The fact that someone as talented as Zack Martin is rated by most as the fourth-best tackle prospect in the draft speaks to the outstanding crop this year. Martin had a great Senior Bowl week, upping his stock even further. While not quite as big as those ahead of him (6’4″, 308 lbs.), he’s physical and quick, and may wind up as a guard in the NFL. Either way, he’s another guaranteed first-round pick.

5. Cyrus Kouandjio (Alabama):

Kouandjio is a specimen at 6’7″, 322 pounds. He has more “traditional” straight-line speed at 5.59, but he’s also quick off the ball. He’s not as polished as the top four, but he’s seen as a player who checks all the right boxes physically and has that elusive upside that will make teams look hard at him in the late first round (although he may slip to the second).

6. Morgan Moses (Virginia):

Moses was one of the lone bright spots for a woefully bad UVA offense this past year. He’s 6’6″, 314 pounds with something close to an ideal physical type for success at the next level, but also has good, quick footwork. Moses might be someone the Redskins would consider in the second round (if they want to go OL first), with the added bonus of him being a local guy (Meadowbrook High in Richmond / University of Virginia).

7. Antonio Richardson (Tennessee):

As big as most of the rest of these prospects (6’6″, 336 lbs.), Richardson put up an impressive 36 reps at the combine bench-press test. A lot of the negatives on Richardson come from a poor performance head-to-head against Jadeveon Clowney this past season. However, Clowney is so dominant, I’m not sure how much of an indictment that is of Richardson. He should go sometime in the second round.

8. Jack Mewhort (Ohio State):

Mewhort has started at four different offensive line positions (everything but center) while at Ohio State. In addition to his flexibility, Mewhort has good strength. On the other hand, scouts indicate that he plays “high,” which is a problem at any level, but will make life particularly difficult a the NFL level. He’s still very worthy of a second-round pick.

9. Billy Turner (North Dakota State):

Turner was a two-time All-American at the FCS level for the North Dakota State football dynasty, also winning three straight national championships. Scouts like his temperament, but say he needs to improve a few flaws in his technique. Turner may go in the second round, but could also fall to the third. If that happens, the Redskins and several other teams may want to grab him.

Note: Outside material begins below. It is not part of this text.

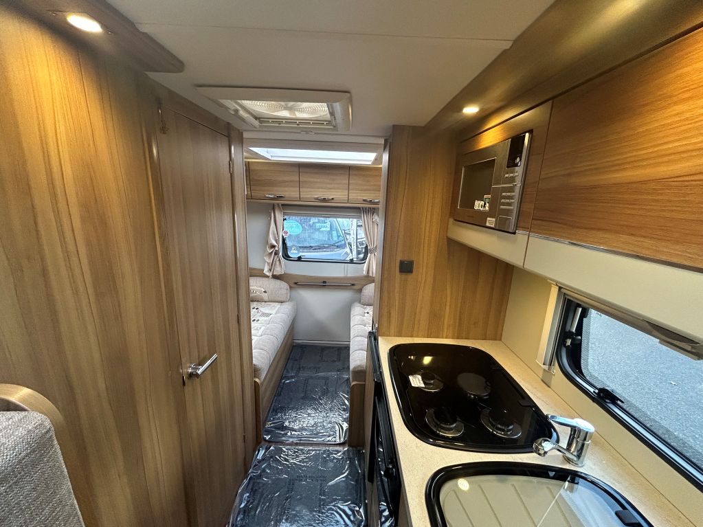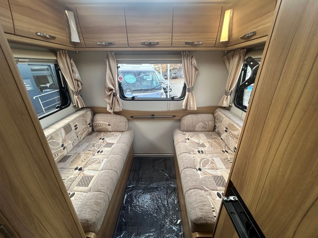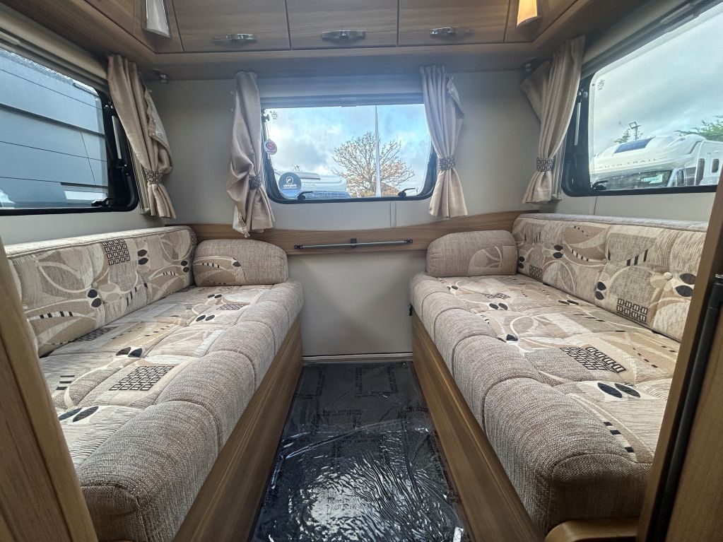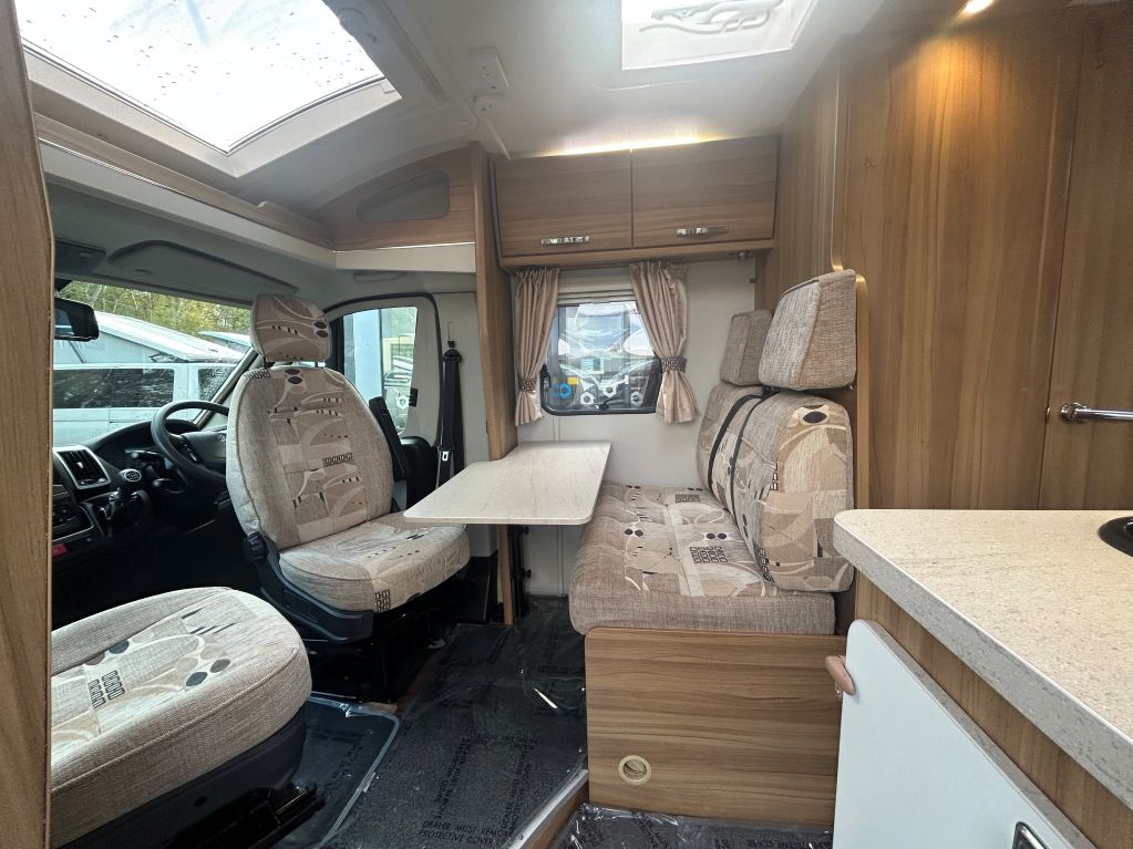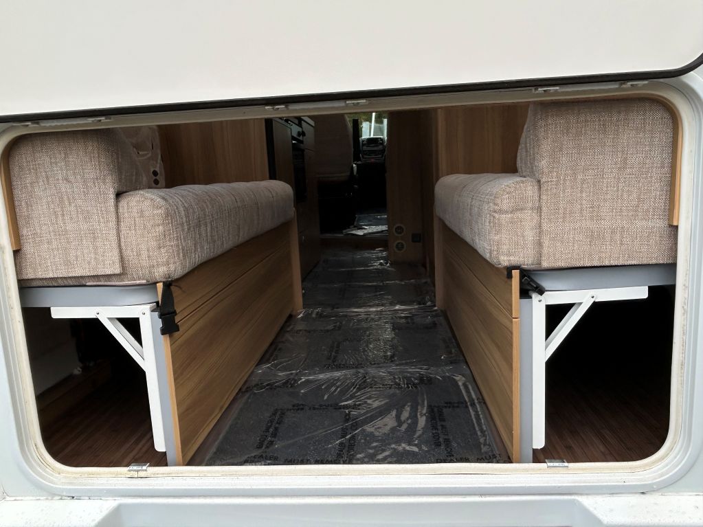- Rear lounge: Twin settees that form a large transverse double bed (~2?m × 1.23?m); a table and swivel cab seats add dining flexibility.

10. Joel Bitonio (Nevada):

Although he was a very good left tackle in college, Bitonio’s size (6’4″, 302 lbs.) may shift him to guard eventually. He’s athletic and has nice balance. He should wind up getting picked in the third round.

In all, 12 or 13 tackles may be selected in the first four rounds alone. There are some elite talents at the top of this list, but Washington probably doesn’t have a shot at any of them due to the lack of a first-round selection. The Redskins may be better off going for a wide receiver or defensive player early on, then getting a “value” pick in a later round to help build up their offensive line roster. Having said that, I’m sure Washington would be ecstatic to snag any of the names on this list.